# GIVEN DATA
--- START ---

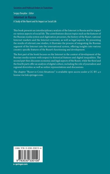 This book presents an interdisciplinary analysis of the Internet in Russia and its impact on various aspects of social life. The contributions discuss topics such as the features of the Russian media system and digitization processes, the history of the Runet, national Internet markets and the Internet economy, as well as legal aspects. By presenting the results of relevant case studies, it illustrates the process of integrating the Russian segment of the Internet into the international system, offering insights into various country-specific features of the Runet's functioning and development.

--- END ---
--- START ---

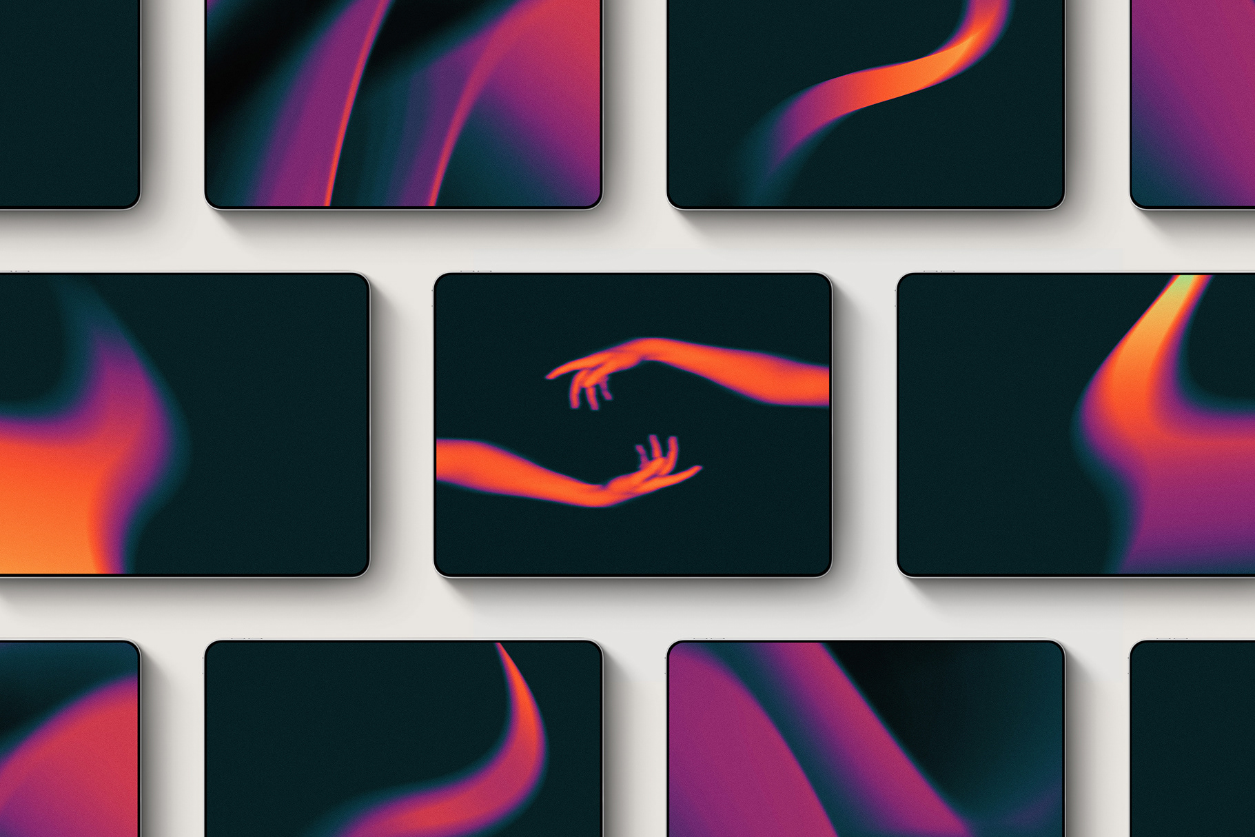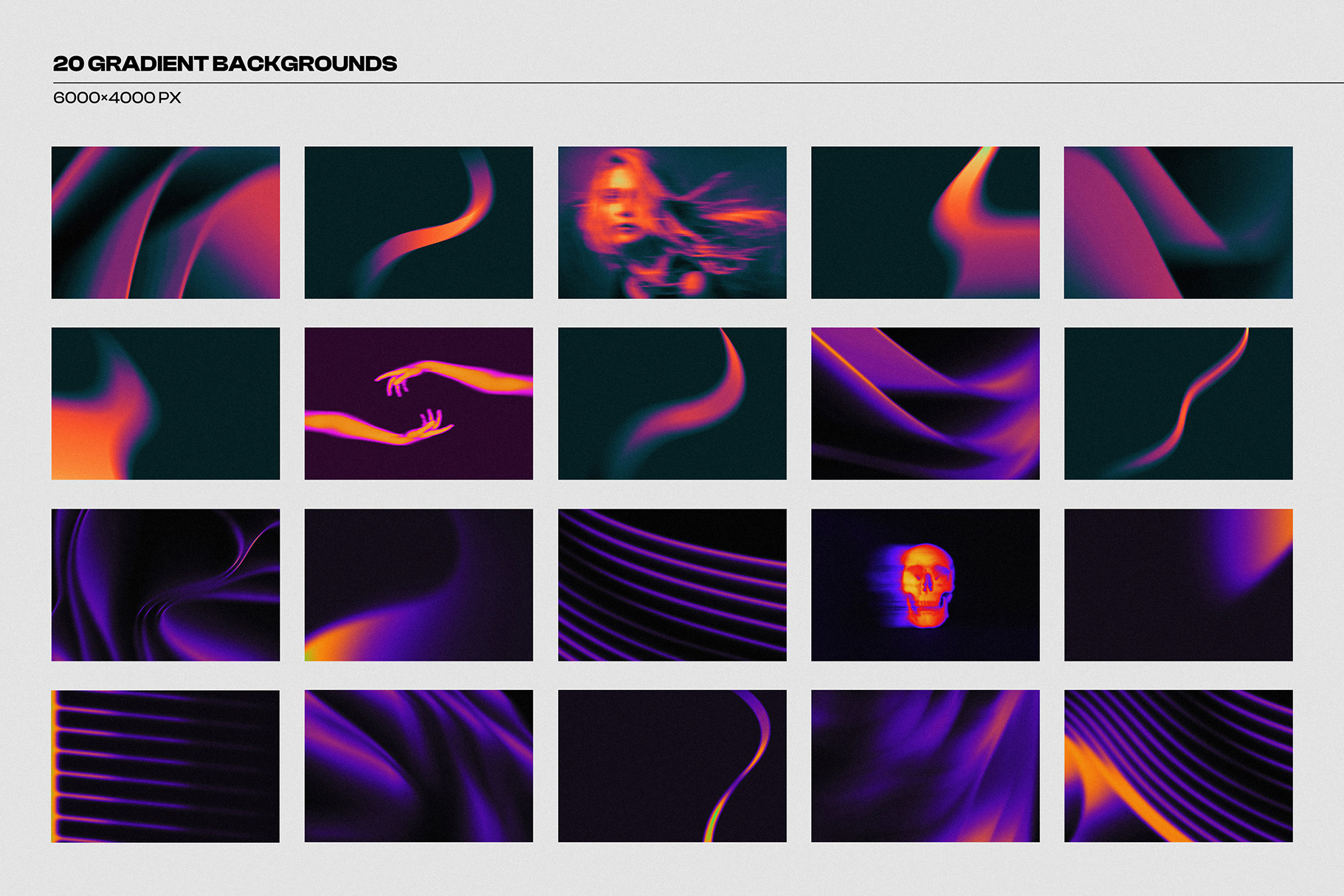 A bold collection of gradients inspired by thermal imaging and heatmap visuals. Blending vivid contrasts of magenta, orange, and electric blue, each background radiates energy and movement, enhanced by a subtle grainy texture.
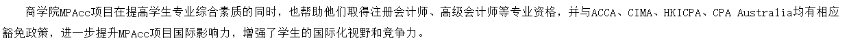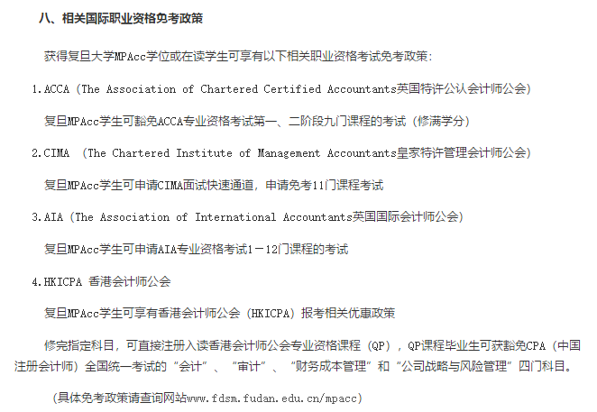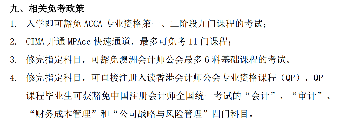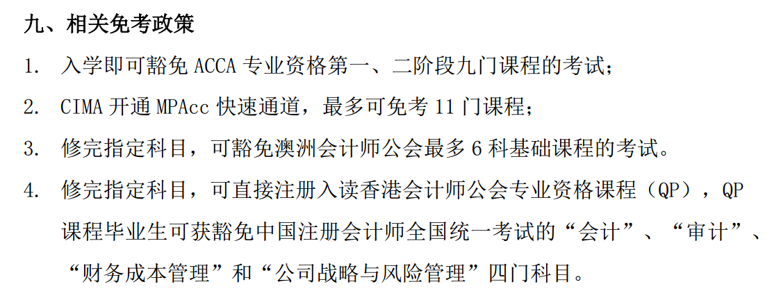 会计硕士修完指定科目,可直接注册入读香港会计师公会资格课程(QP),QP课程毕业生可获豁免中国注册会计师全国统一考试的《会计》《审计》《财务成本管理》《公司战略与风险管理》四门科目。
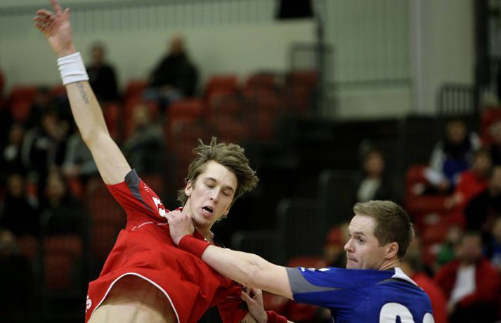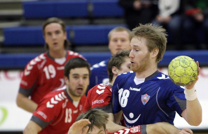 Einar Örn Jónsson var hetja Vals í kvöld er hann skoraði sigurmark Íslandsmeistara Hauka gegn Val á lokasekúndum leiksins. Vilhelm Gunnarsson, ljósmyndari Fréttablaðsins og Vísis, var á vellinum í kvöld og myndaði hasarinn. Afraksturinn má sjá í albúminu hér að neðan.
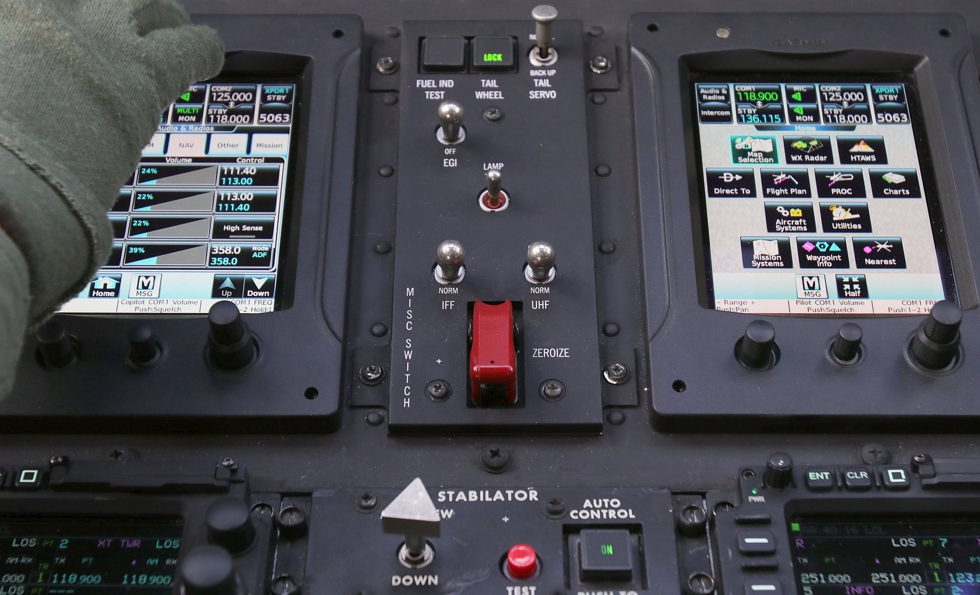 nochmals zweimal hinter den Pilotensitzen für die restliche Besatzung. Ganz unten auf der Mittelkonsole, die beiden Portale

--- END ---
--- START ---

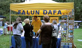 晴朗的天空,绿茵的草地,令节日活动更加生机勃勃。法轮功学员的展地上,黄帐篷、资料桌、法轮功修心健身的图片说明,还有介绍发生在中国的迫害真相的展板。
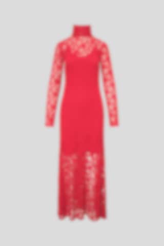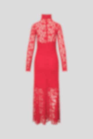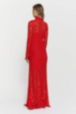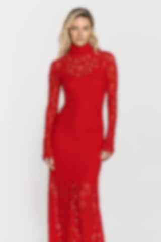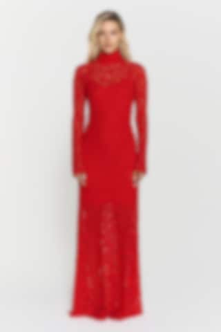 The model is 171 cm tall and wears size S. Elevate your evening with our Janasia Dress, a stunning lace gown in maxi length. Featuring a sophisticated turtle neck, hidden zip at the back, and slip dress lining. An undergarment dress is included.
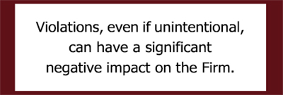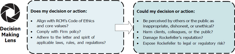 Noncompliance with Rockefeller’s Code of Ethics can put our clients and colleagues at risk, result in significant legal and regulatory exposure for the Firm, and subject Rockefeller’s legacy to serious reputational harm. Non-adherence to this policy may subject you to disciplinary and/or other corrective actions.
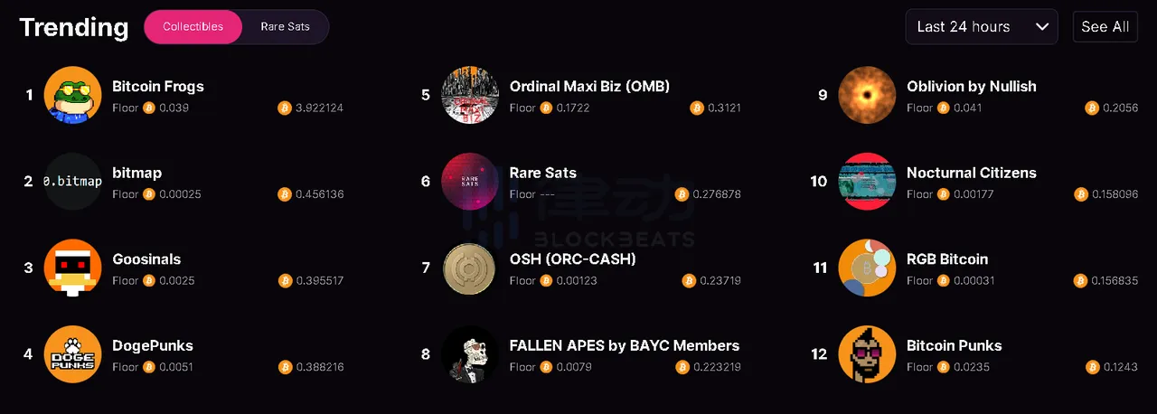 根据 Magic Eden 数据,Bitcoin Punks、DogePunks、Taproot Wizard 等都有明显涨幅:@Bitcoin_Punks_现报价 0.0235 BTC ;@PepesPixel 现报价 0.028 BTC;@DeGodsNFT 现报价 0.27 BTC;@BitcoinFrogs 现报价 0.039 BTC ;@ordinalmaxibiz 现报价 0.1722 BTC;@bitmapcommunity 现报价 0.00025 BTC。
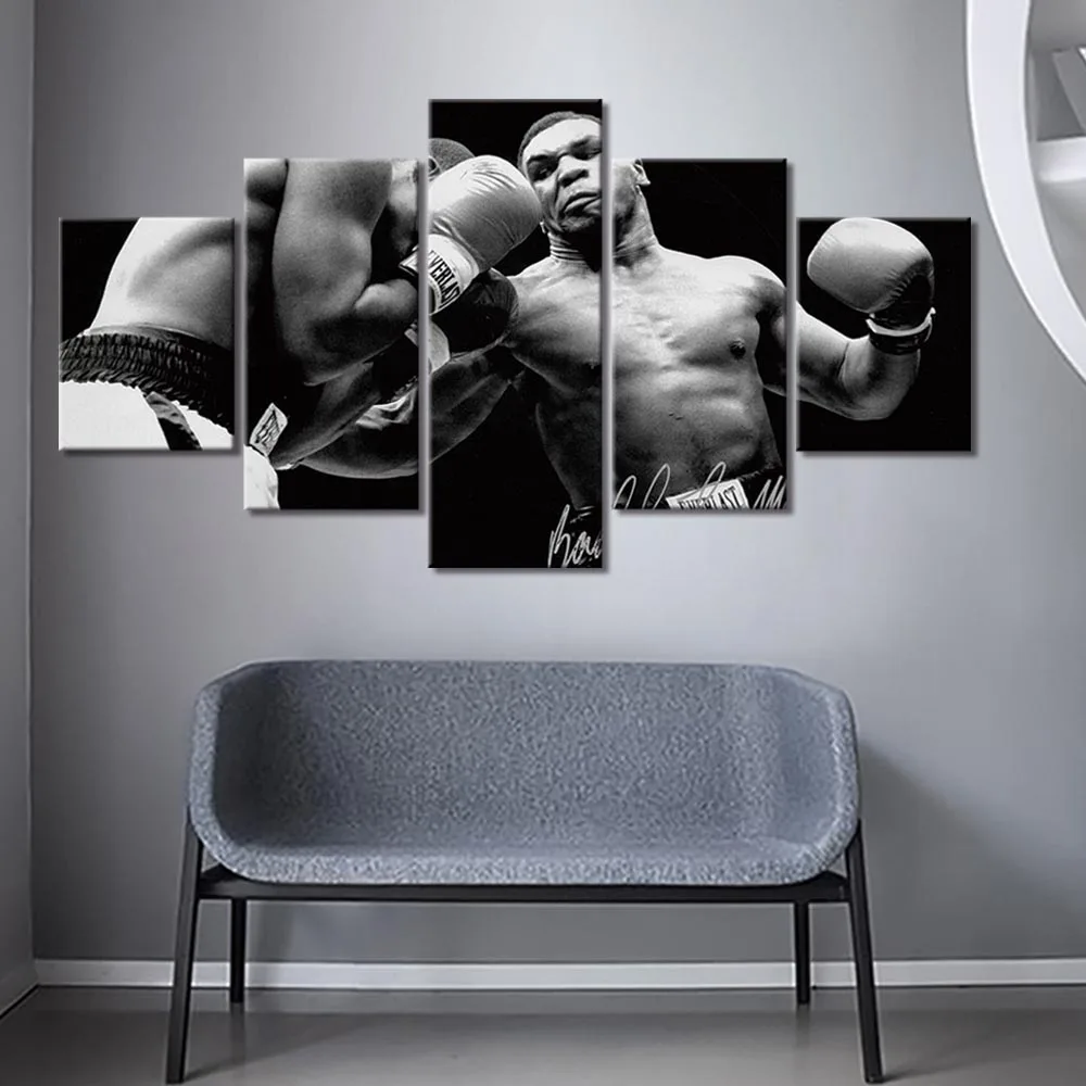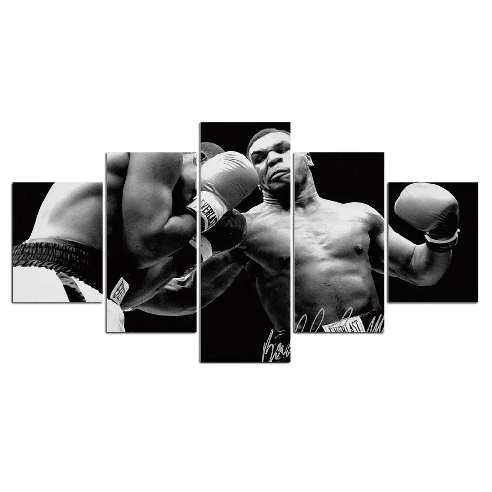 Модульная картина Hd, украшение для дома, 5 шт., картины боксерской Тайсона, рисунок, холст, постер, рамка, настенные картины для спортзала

--- END ---

# PROBLEM DESCRIPTION
Everything from the line above that contains "The model is" down to the line that contains "Модульная картина Hd, украшение" must be reproduced exactly, both ends included. Omit the pictures.

# RESULT
 The model is 171 cm tall and wears size S. Elevate your evening with our Janasia Dress, a stunning lace gown in maxi length. Featuring a sophisticated turtle neck, hidden zip at the back, and slip dress lining. An undergarment dress is included.
 Noncompliance with Rockefeller’s Code of Ethics can put our clients and colleagues at risk, result in significant legal and regulatory exposure for the Firm, and subject Rockefeller’s legacy to serious reputational harm. Non-adherence to this policy may subject you to disciplinary and/or other corrective actions.
 根据 Magic Eden 数据,Bitcoin Punks、DogePunks、Taproot Wizard 等都有明显涨幅:@Bitcoin_Punks_现报价 0.0235 BTC ;@PepesPixel 现报价 0.028 BTC;@DeGodsNFT 现报价 0.27 BTC;@BitcoinFrogs 现报价 0.039 BTC ;@ordinalmaxibiz 现报价 0.1722 BTC;@bitmapcommunity 现报价 0.00025 BTC。
 Модульная картина Hd, украшение для дома, 5 шт., картины боксерской Тайсона, рисунок, холст, постер, рамка, настенные картины для спортзала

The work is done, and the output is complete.